Full text: The 3rd ISPRS Workshop on Dynamic and Multi-Dimensional GIS & the 10th Annual Conference of CPGIS on Geoinformatics

ISPRS, Vol.34, Part 2W2, "Dynamic and Multi-Dimensional GIS", Bangkok, May 23-25, 2001 
COMPONENTS OF AN INTERPOLATION MODEL. 
On the basis of a sufficient set of data points, we now wanted to 
generate a terrain model with satisfactory elevations and slopes, 
as the basis of a valid rainfall runoff model. Our approach was to 
interpolate a height grid over the test area, and to view this with 
an appropriate terrain visualization tool - in this case Genesis II, 
available from www.qeomantics.com. We feel that 3D 
visualization has been under-utilized as a tool for testing terrain 
modeling algorithms, and the results are often more useful than 
a purely mathematical, or even statistical, approach. 

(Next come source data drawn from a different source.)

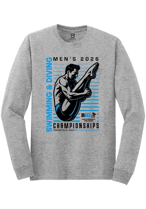 Show your Big Ten spirit in this Big Ten Grey T Shirt! This Big Ten 2026 Men's Swimming & Diving Championships Long Sleeve T Shirt makes a great layer for cooler nights cheering on the Big Ten. Featuring a team graphic, this Big Ten Long Sleeve Tee is an essential addition for every fan. !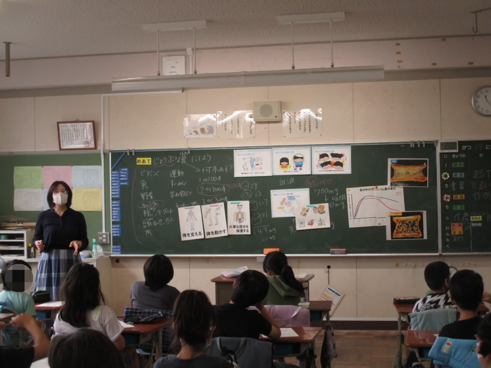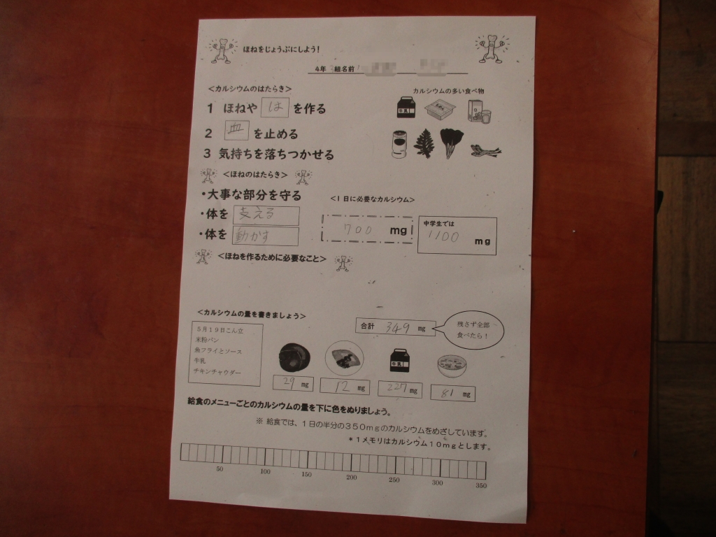 骨を成長させ、強くするには「カルシウム」という栄養が大切であること、そして、しっかり体を動かすこと、しっかり睡眠をとることも重要ということを教えてもらいました。小学生の子どもたちには1日約700mgのカルシウムが必要だそうです。学校の給食では約350㎎を目安に献立を考えてもらっているそうです。子どもたちは「給食減らしたら足りなくなる」「お代わりすればしっかりとれる」など口々につぶやいていました。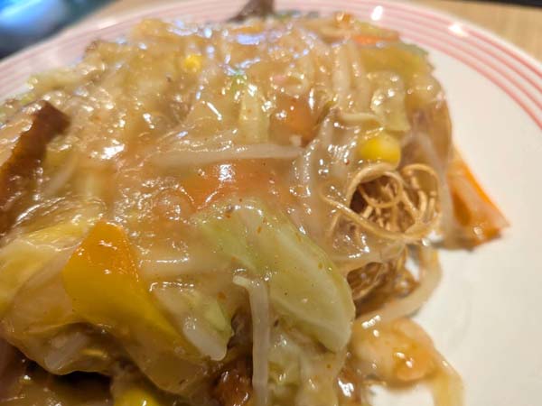 自家製ピリカラ味噌を加えた野菜あんで、ピリッと刺激的でクセになる味わいのピリカラ皿うどん。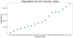 Linn County is a county located in the U.S. state of Iowa. As of the 2020 census, the population was 230,299,[1] making it the second-most populous county in Iowa. The county seat is Cedar Rapids.[2] Linn County is named in honor of Senator Lewis F. Linn of Missouri.[3] Linn County is included in the Cedar Rapids, IA Metropolitan Statistical Area.[4]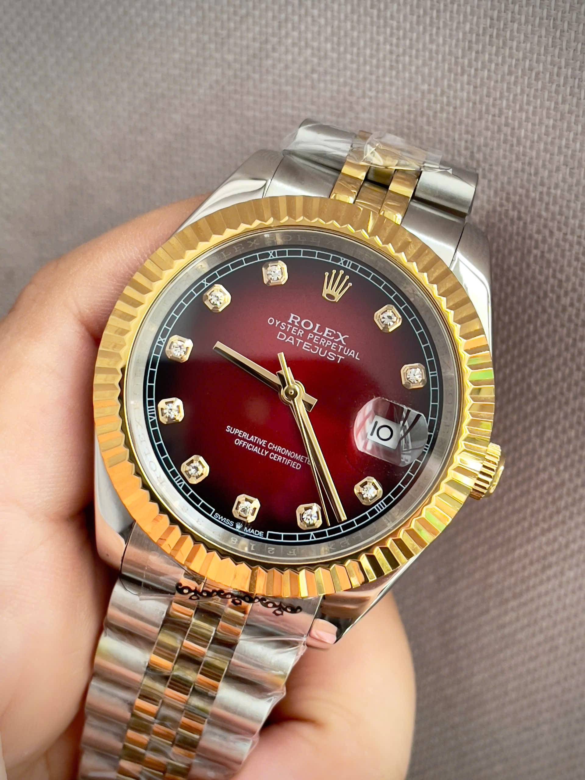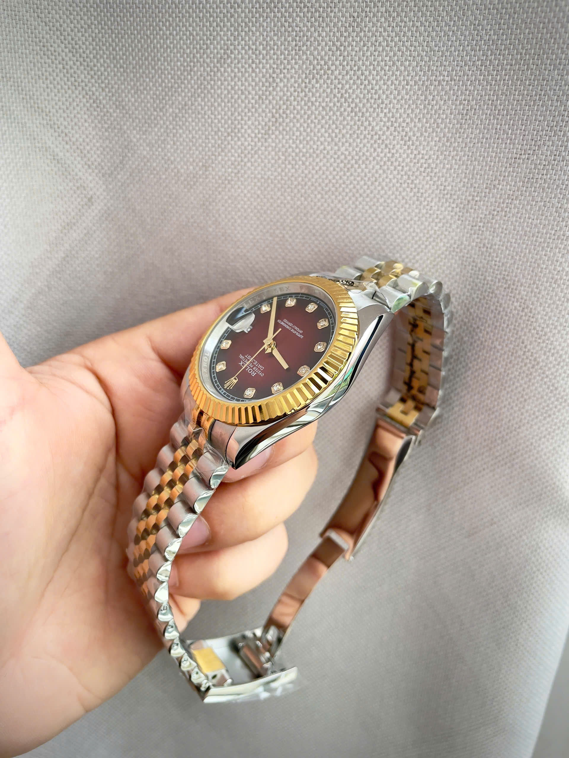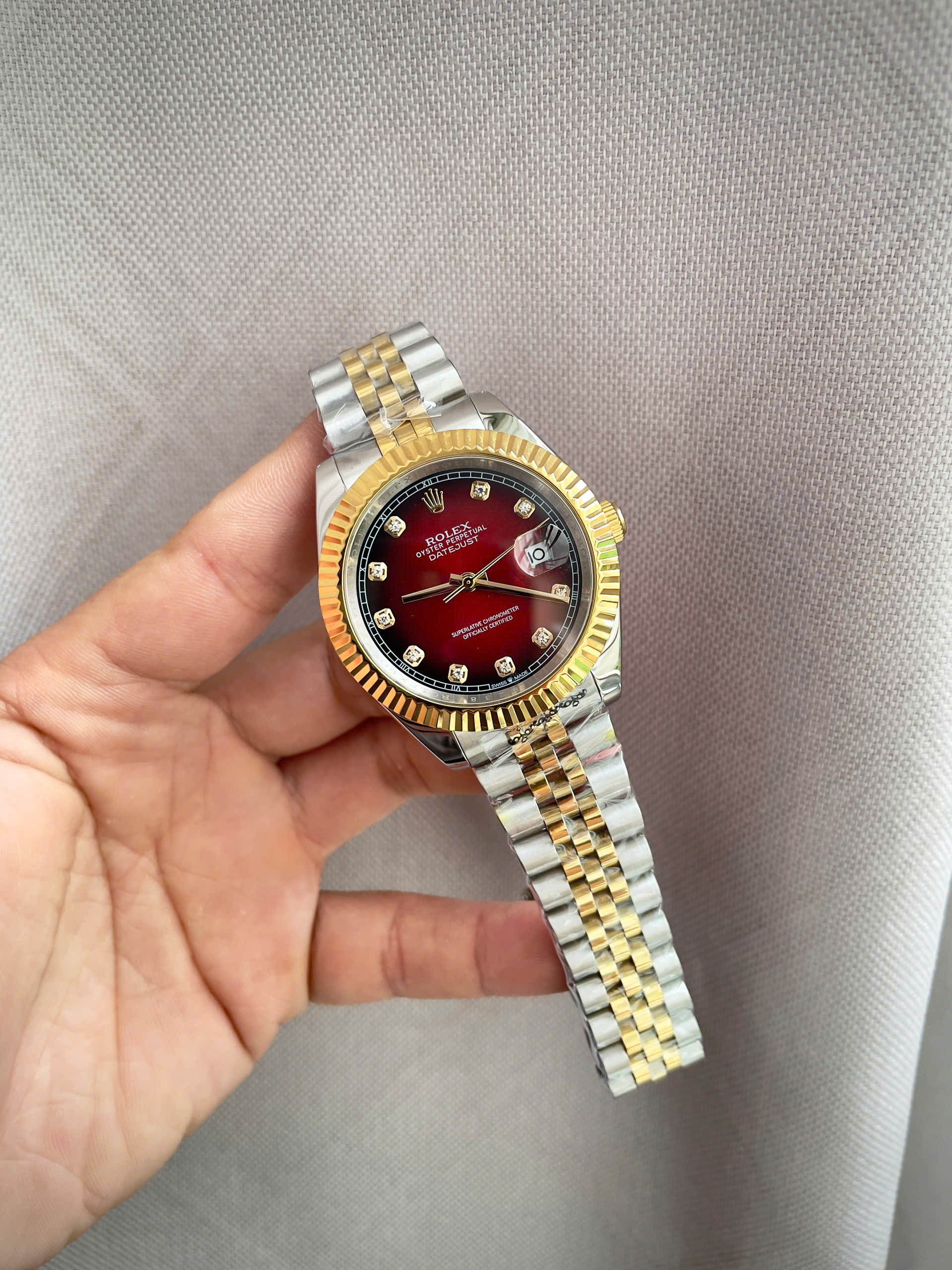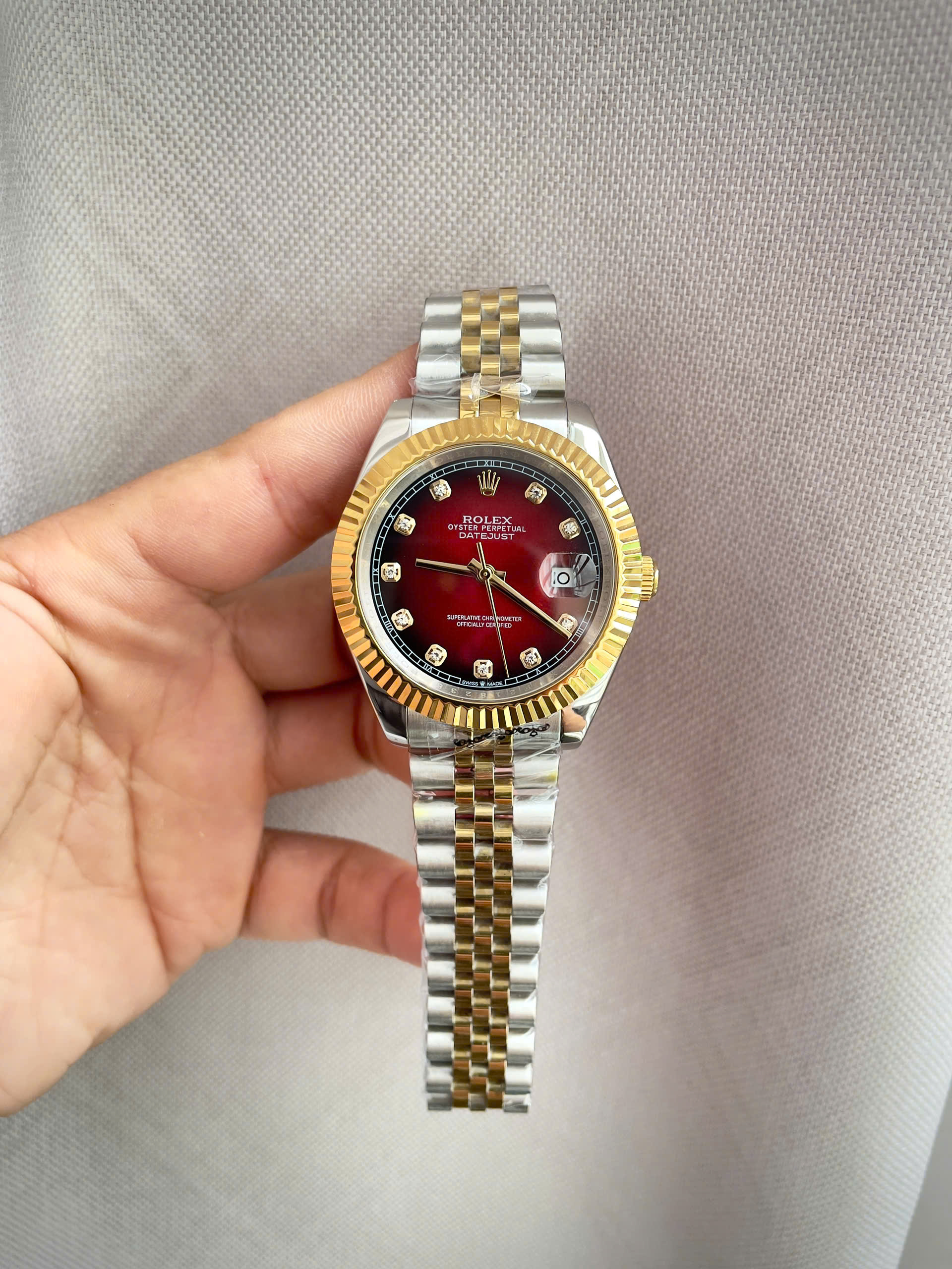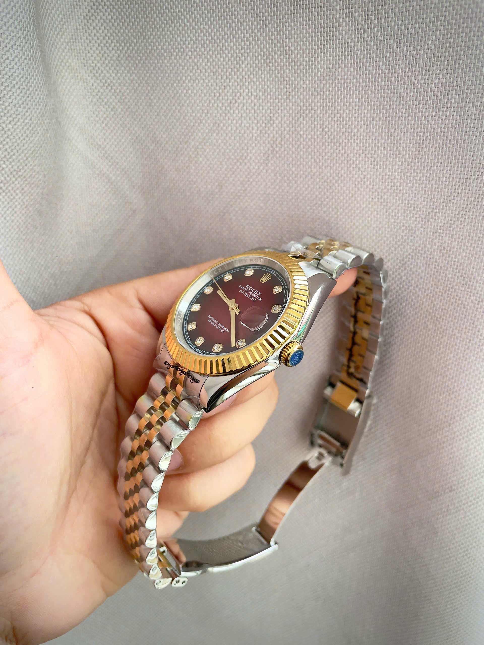 Đồng hồ Rolex Datejust nam demi mặt đỏ máy cơ nhật rẻ fake 11 38-41mm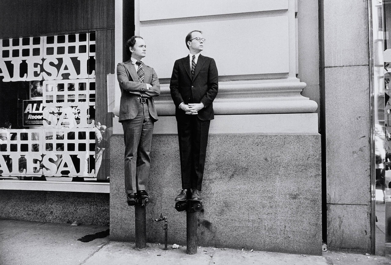 InscribedVerso in pencil UL: #1932 / UR: 5/15 / Across bottom LL: TWO MEN ON STANDPIPES WATCHING PARADE, 1975

We have restricted ourselves to an evaluation of several 
weighted-average techniques, as there are a variety of 
techniques in common that can be compared. All of the methods 
were programmed by ourselves - which left out the very popular 
Kriging approach, as too complicated. Nevertheless, many 
aspects of this study apply to this method as well, since it is a 
weighted-average method, with the same problems of neighbour 
selection, etc., as the methods we attempted. 
Figure 1: Interpolation from nearest point 
In general, we may ask about three components of a weighted- 
average interpolation method. Firstly: what is the weighting 
process used? Secondly: what is the set of neighbours used to 
obtain the average? Thirdly: what is the elevation function being 
averaged? (Often it is the data point elevation alone, but 
sometimes it is a plane through the data point incorporating 
slope information as well.) 
Figure 2: Interpolation from Delaunay triangulation 
The simplest possible technique, useful on occasion, is merely 
to give each grid node (if a grid is being created) the height of 
the nearest data point. While trivial, it is valuable for a variety of 
applications, such as image rectification, rainfall estimation, and 
others. All grid cells falling within the Voronoi cell of a particular 
data point are assigned its elevation. Fig. 12 shows the result for 
our contour data set: the skeleton can be seen to separate each 
plateau around a contour. 
Figure 3: Adding skeleton points to Fig. 14 
The next most simple weighted-average model is the 
triangulation, using the Delaunay triangulation described 
previously. Fig. 13 shows the result, including the skeleton 
draped over the flat triangles. Fig. 14 shows the improvement 
when estimated skeleton points are added. 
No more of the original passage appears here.